Hana Bank K League 2
- Season: 2025
- Dates: 22 February – 23 November
- Champions: Incheon United (1st title)
- Promoted: Incheon United Bucheon FC 1995
- Matches: 273
- Goals: 686 (2.51 per match)
- Best Player: Gerso Fernandes
- Top goalscorer: Stefan Mugoša (20 goals)
- Biggest home win: Seoul E 6–0 Ansan (23 November)
- Biggest away win: Chungbuk Cheongju 0–4 Incheon (24 August)
- Highest scoring: Seoul E 4–2 Suwon (9 March) Ansan 3–3 Hwaseong (29 March) Chungbuk Cheongju 3–3 Suwon (4 May) Seoul E 6–0 Ansan (23 November)
- Longest winning run: 6 matches Incheon United
- Longest unbeaten run: 8 matches Incheon United
- Longest winless run: 7 matches Cheonan City
- Longest losing run: 7 matches Cheonan City
- Highest attendance: 22,265 Suwon 1–2 Incheon (15 June)
- Lowest attendance: 1,021 Cheonan 0–1 Ansan (13 April)
- Total attendance: 1,177,470
- Average attendance: 4,313

= 2025 K League 2 =

South Korean professional league season

The 2025 K League 2, also known as the Hana Bank K League 2 for sponsorship reasons, is the 13th season of the K League 2, the second-highest division in South Korean football league system.

==Teams==
===Team changes===
As the 2024 K League 2 champions, FC Anyang was promoted to the K League 1. Incheon United was relegated from the K League 1 for the first time in the club's history.
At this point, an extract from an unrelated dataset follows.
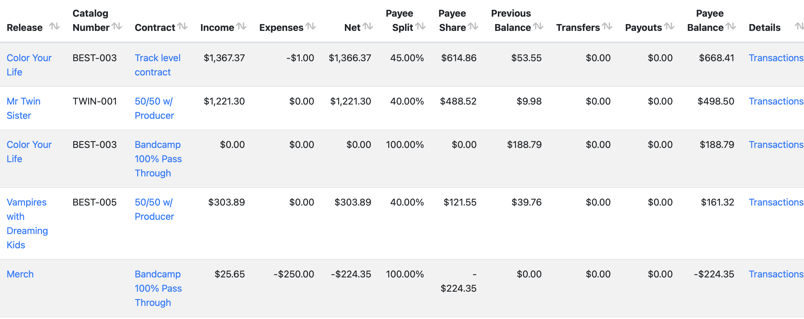 Each expense is itemized by Date, Release, and Category, with any additional information summarized in the Memo column in the Expense tab. The link in the Transaction column links directly to the expense transaction for each line. Please note: Expenses are listed in full, with their Payee Share %s calculated on the corresponding ledger.

Meanwhile, Hwaseong FC, which participated in the K3 League since 2013, was accepted to the K League 2 by the judgement of K League Federation.

Incoming
| Relegated from K League 1 |
|---|
| Incheon United; |
| Accepted from K3 League |
| Hwaseong FC; |

Outgoing
| Promoted to K League 1 |
|---|
| FC Anyang; |

===Locations===
The following fourteen teams are participating in the 2025 K League 2.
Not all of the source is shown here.